Data extracted from a collection:
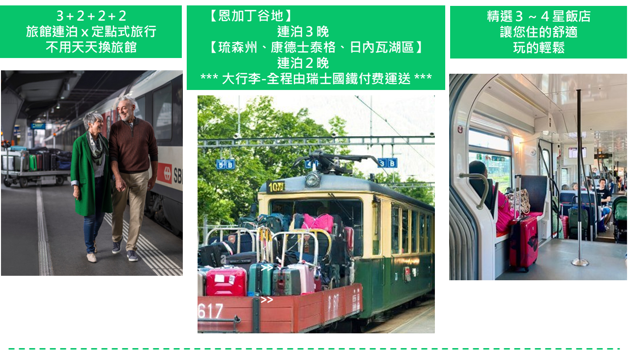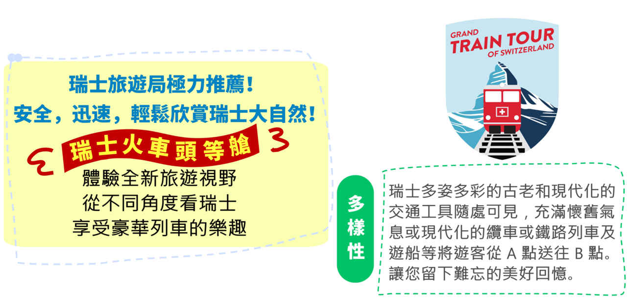 搭乘瑞士火車趴趴走,展開一場輕鬆慢旅與美景相隨的旅行。
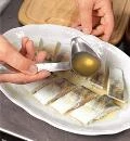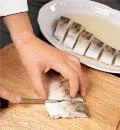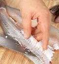 Очистите рыбу от чешуи, разрежьте брюшко и выпотрошите. Удалите жабры и спинной плавник, отрежьте голову. Выньте хребет и реберные кости. Удалите пинцетом оставшиеся косточки.
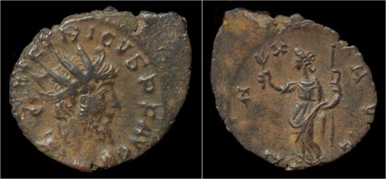 obv: IMP C TETRICVS P F AVG, radiate and cuirassed bust right
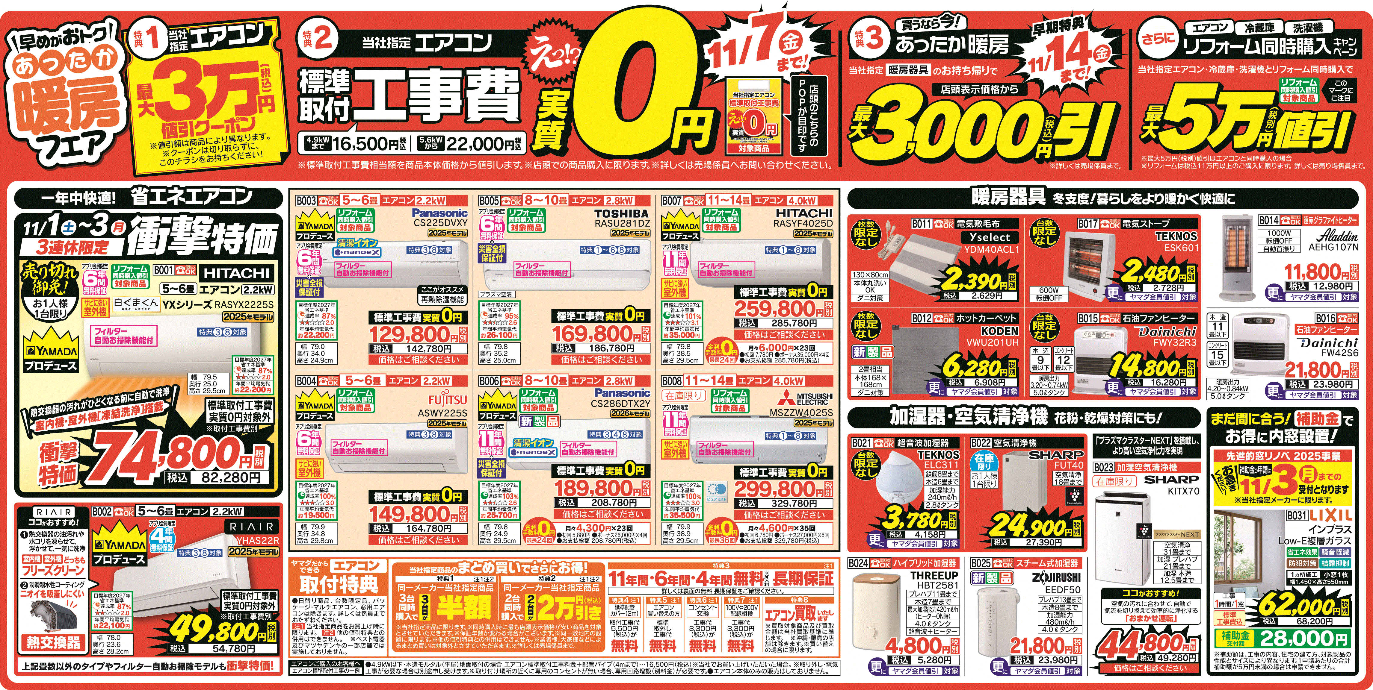☆Benefit 3☆ Buy now! Warm Heating Take home our designated heating appliance and get a discount off our listed price Up to 3,000 yen discount
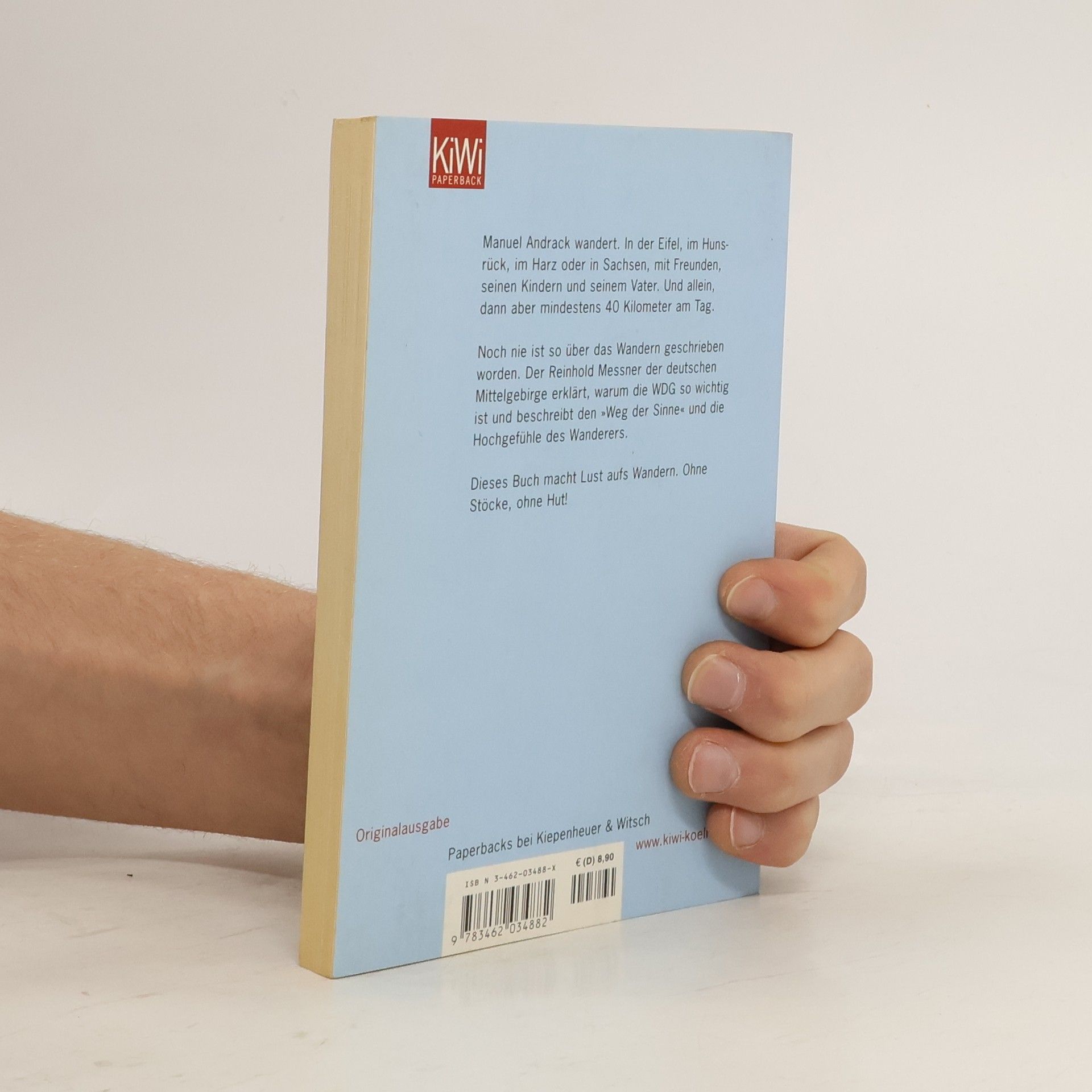 Warum wird Manuel Andrack in Böhmen beim Wandern von einem Fährmann übergesetzt und was zum Teufel hat es mit der WDG (Wanderdurchschnittsgeschwindigkeit) auf sich? Darf man Mountainbiker im Wald grüßen und sind Wanderstöcke peinlich? Kommt nach der New Economy und der Neuen Mitte nun das Neue Wandern? Wanderer brauchen Glück. Denn häufig genug ziehen sich manche der ausgewiesenen Wege an viel befahrenen Bundesstraßen entlang. Hat man dann endlich den rettenden Forstweg erreicht, wird man von riesigen Holztransportern überholt, so dass nur noch der Sprung in den nächsten Graben Schlimmeres verhindert. Was aber immer noch besser ist, als Auge in Auge mit einem aggressiven Riesenhund ohne Herrchen mitten im Wald zu stehen. Manuel Andrack kennt das alles. Seit fast zehn Jahren wandert er in der Eifel, dem Harz oder durch die Sächsische und Böhmische Schweiz. Von seinen persönlichen Lieblingswanderwegen erzählt er in 'Du musst wandern'. Dabei wandert er mit Freunden, seinen Kindern und seinen Eltern, aber am liebsten wandert er allein und lange. Oft ist Manuel Andrack den ganzen Tag unterwegs, geht bis zu 40 Kilometer. Er wandert nach dem Abstieg des 1. FC Köln (mit jedem Schritt wurde der Schmerz weniger) und findet Trost beim großen Wanderer Johann Wolfgang von Goethe: 'Was ich nicht erlernt habe, das habe ich erwandert.'

### Work to be completed
Write out the records above exactly. Pictures do not belong in the copy.

### Solution to this exercise
 搭乘瑞士火車趴趴走,展開一場輕鬆慢旅與美景相隨的旅行。
 Очистите рыбу от чешуи, разрежьте брюшко и выпотрошите. Удалите жабры и спинной плавник, отрежьте голову. Выньте хребет и реберные кости. Удалите пинцетом оставшиеся косточки.
 obv: IMP C TETRICVS P F AVG, radiate and cuirassed bust right
☆Benefit 3☆ Buy now! Warm Heating Take home our designated heating appliance and get a discount off our listed price Up to 3,000 yen discount
 Warum wird Manuel Andrack in Böhmen beim Wandern von einem Fährmann übergesetzt und was zum Teufel hat es mit der WDG (Wanderdurchschnittsgeschwindigkeit) auf sich? Darf man Mountainbiker im Wald grüßen und sind Wanderstöcke peinlich? Kommt nach der New Economy und der Neuen Mitte nun das Neue Wandern? Wanderer brauchen Glück. Denn häufig genug ziehen sich manche der ausgewiesenen Wege an viel befahrenen Bundesstraßen entlang. Hat man dann endlich den rettenden Forstweg erreicht, wird man von riesigen Holztransportern überholt, so dass nur noch der Sprung in den nächsten Graben Schlimmeres verhindert. Was aber immer noch besser ist, als Auge in Auge mit einem aggressiven Riesenhund ohne Herrchen mitten im Wald zu stehen. Manuel Andrack kennt das alles. Seit fast zehn Jahren wandert er in der Eifel, dem Harz oder durch die Sächsische und Böhmische Schweiz. Von seinen persönlichen Lieblingswanderwegen erzählt er in 'Du musst wandern'. Dabei wandert er mit Freunden, seinen Kindern und seinen Eltern, aber am liebsten wandert er allein und lange. Oft ist Manuel Andrack den ganzen Tag unterwegs, geht bis zu 40 Kilometer. Er wandert nach dem Abstieg des 1. FC Köln (mit jedem Schritt wurde der Schmerz weniger) und findet Trost beim großen Wanderer Johann Wolfgang von Goethe: 'Was ich nicht erlernt habe, das habe ich erwandert.'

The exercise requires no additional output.